Context
A recent MICRO 2024 article titled “Over-synchronization in GPU Programs” describes how eliminating redundant or coarser-grained (slower) synchronization in GPU programs can lead to significant gains in performance and introduces a tool called ScopeAdvice to perform these optimizations. This work spurred a discussion across several research groups which we thought could be interesting to a wider community, so we came together to write a blog post.
We begin with an overview of research on GPU memory models, discussing work in both testing and formalization, and highlight accessible tools that help demystify these complex systems. We then examine the MICRO paper as a case study, using these tools to rigorously evaluate its proposed optimizations. We validate all but one, and for the remaining case, we identify potential issues that point to open challenges and opportunities for future work.
Introduction
Reducing synchronization overhead is a long-standing goal in high-performance computing, especially on GPUs, where their ever-increasing scale of deployment makes even small savings impactful. But reducing synchronization is risky; it is possible to introduce subtle bugs that appear extremely rarely. The very scale that makes GPUs an attractive optimization platform also amplifies this risk; bugs that might appear once in a billion executions can become regular occurrences when run across vast numbers of GPUs.
Avoiding these bugs requires a deep understanding of the memory model: the rules governing how memory operations appear across threads, and how fences or barriers enforce ordering. Unfortunately, these models are notoriously complex, even being referred to as the “rocket science of computer science“.
Progress in this area has come from a feedback loop between testing real systems and refining formal specifications. This has led to tools that make memory models more approachable. Broadly, these fall into two categories: testing tools that observe actual GPU behavior, and formal tools that model it. This post surveys both approaches and shows how they can be used together to evaluate tools like ScopeAdvice. But first, some background.
Background: GPUs and Memory Models
CUDA, introduced by NVIDIA in 2007, enabled general-purpose programming on GPUs and marked a major shift in GPU computing.

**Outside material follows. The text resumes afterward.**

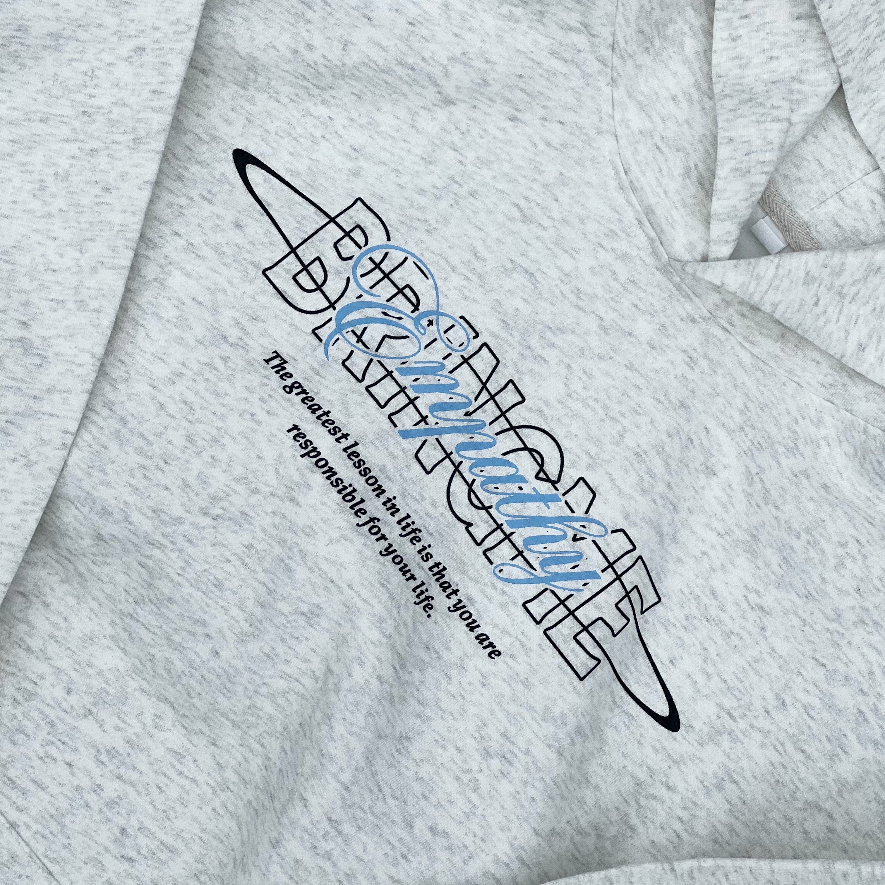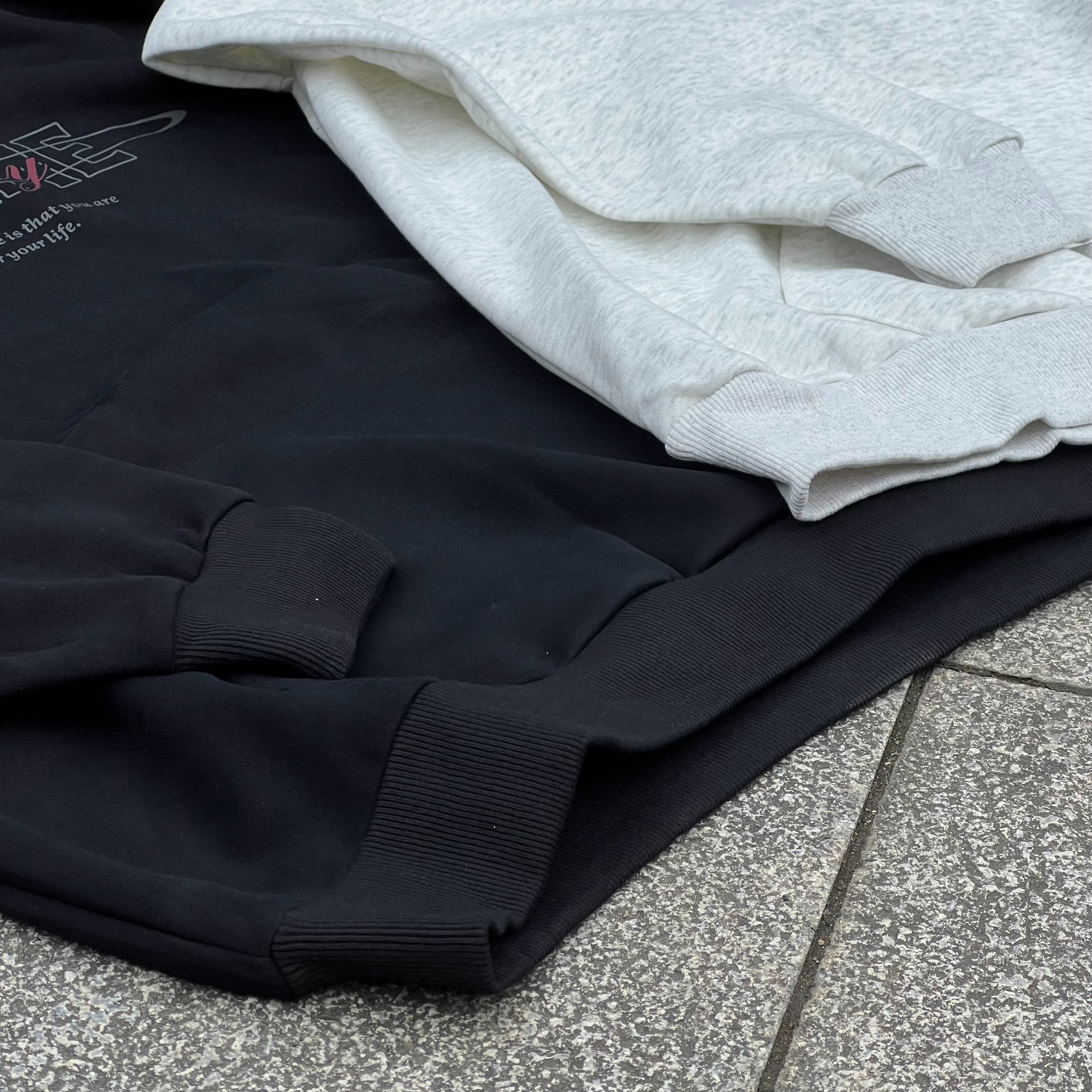 BRINGME 撞色印花帽T 黑 燕麥白 L3936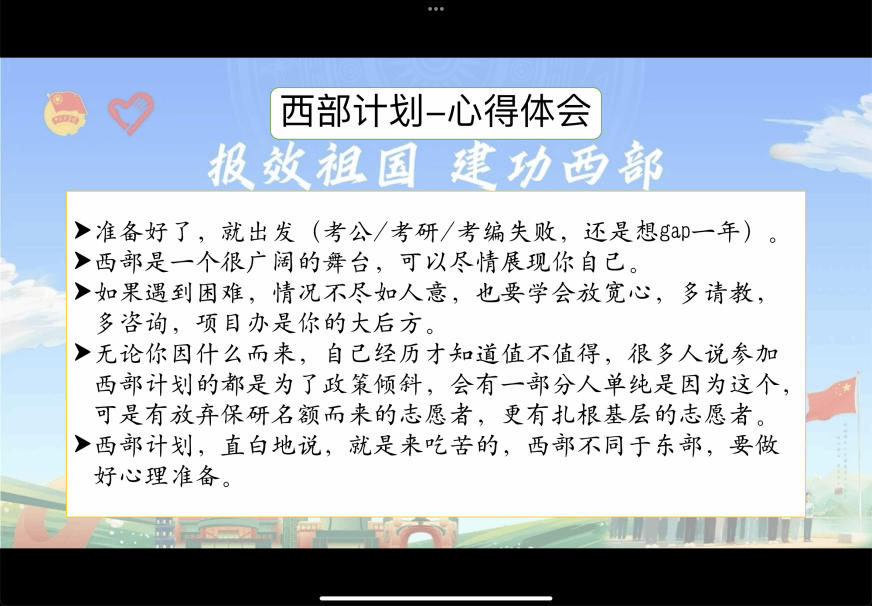 宣讲会伊始,韦俊杰学长向我们介绍了西部计划的内容,他提到西部计划是从2003年起,由团中央、教育部、财政部、人力资源社会保障部联合实施的大学生志愿服务项目,每年招募高校应届毕业生或在读研究生到西部基层开展1—3年志愿服务。学长结合身边人和自己的经历,重点介绍了西部计划的乡村教育、服务乡村建设、健康乡村、基层青年工作、乡村社会治理、卫国戍边、服务新疆、服务西藏这8个服务专项以及各专项的具体服务方向。随后,学长还为我们深入解读了西部计划的政策支持,加深了我们对西部计划的认识。

Today, many high-level GPU languages exist (e.g., AMD’s HIP, Apple’s Metal, Microsoft’s HLSL), but since ScopeAdvice targets CUDA, we use CUDA terminology here.
Threads are organized into a hierarchy of scopes mapped to hardware units called grids (all threads that execute across the GPU), divided into threadblocks (threads sharing a streaming multiprocessor and fast scratchpad memory), which are further divided into warps (threads executing SIMD-style). Each level supports different synchronization mechanisms, governed by CUDA’s memory model.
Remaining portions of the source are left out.